Una caña rápida. Está la tarde queda y plomiza. El sol pierde el combate del día, pero arroja los últimos fuegos anaranjados sobre la terraza, fútil reivindicación del mes de julio a la hora en que se desperezan los dondiegos. Espíritus abatidos, en cuerpos tostadísimos, arrastran los pies por la acera. Peregrinación multicolor de chanclas, flotadores, y pareos. La cena sin hacer. Los niños sin bañar. Aroma a protector solar. Es el regreso tardío de la playa. La hora de la nada.

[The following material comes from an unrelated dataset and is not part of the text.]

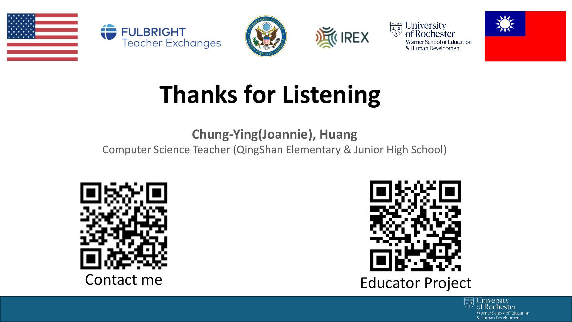 Fulbright Distinguished Award International Teacher 2024-2025 - Educator Project. Within the 4-month program, I dedicated myself to initiating a project that can be implemented in the Taiwan K12 educational system. As a high school technology teacher, I always use project-based learning to inspire students in the classroom to create and innovate!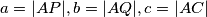 Neka su $a=|AP|, b=|AQ|, c=|AC|$. Odredite duljinu stranice $|AB|$ u ovisnosti o $a, b, c$.

Un geranio, rojo como los labios de Marilyn Monroe, bebe luz por última vez antes de la noche, presidiendo el bullicio de la plaza. Unos chicos, destartalados como su madurez, hacen apuestas deportivas sin levantar los ojos de la pantalla; quizá haya formas más dañinas de regalar a la inteligencia artificial los años que nunca vuelven. Un viejo lee la prensa deportiva con un té. La lee de verdad. Letra a letra. Como si fuera un Quijote y no el Marca. Y dos yuppies noventeros venden su alma a los licores accidentales, y hablan de chicas que no existen, mintiendo sobre cosas que no pasaron, para impresionar a amigos que nunca lo fueron. Ni siquiera conocen, me temo, los versos de Gil de Biedma para amortiguar la triste hora del desengaño.
Dos o tres mesas vacías. Y al fondo de la terracita está ella. Bebe vino, gélido albariño. Si llega a los treinta será de incógnito. El pelo oscuro vagamente ondulado, tal vez la salitre. Y la sonrisa misteriosa, silente, y dulce. Unos ojos grandes y oscuros, llenos de ganas de querer, brillantes aún de vida. Y el vestido arena hasta sus pies, donde tan solo unas flores alegran la larga talla. Ni una concesión al mal gusto, ni una concesión estética a las ganas de volver a casa acompañada. La sencillez del colgante, la juventud de las pulseras, y la piel lisa y morena, virgen de esos groseros tatuajes. El finísimo reloj, el destello de la limpieza, y el modo tan frugal de estar en la vida. España, algunas veces.
Que no está todo perdido, lo supe ahí, al levantarme a por otra caña, que no pude evitar una mirada furtiva a su elegancia al rebasar la esquina de la mesa, y entrever sus quehaceres: su sonrisa es la esperanza de una generación, o al menos eso pensé, al descubrir que, entre sus manos delicadísimas, sostenía a Camba, La rana viajera. Con sencilla rutina, al caer la tarde marinera, en la terraza del barrio, una joven, todo elegancia y sueños, leyendo a Julio Camba. Quizá por entonces, la chica ya habría descubierto que “la mujer constituirá siempre para nosotros lo más importante de todo”. No lo sé. Pero qué más da; hay algo extraordinariamente seductor en una joven de hoy que lee un libro, bueno y olvidado, en la terraza de un bar, a esta hora en que lo grosero se ha vuelto espectro, saliendo entre maldiciones de los arenales.
Conozco bien, además, esa sonrisa. Hay autores que la dibujan así. Ocurre con Chesterton, claro, y es inevitable. Por mal que vaya al día, es la lectura feliz, el tiempo detenido, la desinfección de toda la costra vírica que nos contagia la modernidad. Sin aspaviento, con la letra de un niño. También despierta la alegre mueca la lectura de Julio Camba, que parece sobrevolar cuando apunta, que parece abrazar cuando apuñala, que casi siempre ríe porque podría ser peor. Hay algo de un juego infantil en su literatura, como la hay en el Pla de Viaje en autobús, donde mueve incluso al solaz cuando planea urdir vientos de melancolía, o en Humor honesto y vago, donde ofrece, a propósito, una sincera definición del Madrid de los cafés: “Madrid, en ese sentido, es un verdadero oasis, la ciudad que vive la vida que más le place con auténtica espontaneidad”.
Hoy, mientras apuro estas líneas mojadas en espuma de cerveza, sueño que el Madrid de Pla es esta bella mujer, que vive también la vida que más le place con auténtica espontaneidad. Contemplándola, se confirman las mejores sospechas: ya no hay nada más rebelde y apasionante que la normalidad.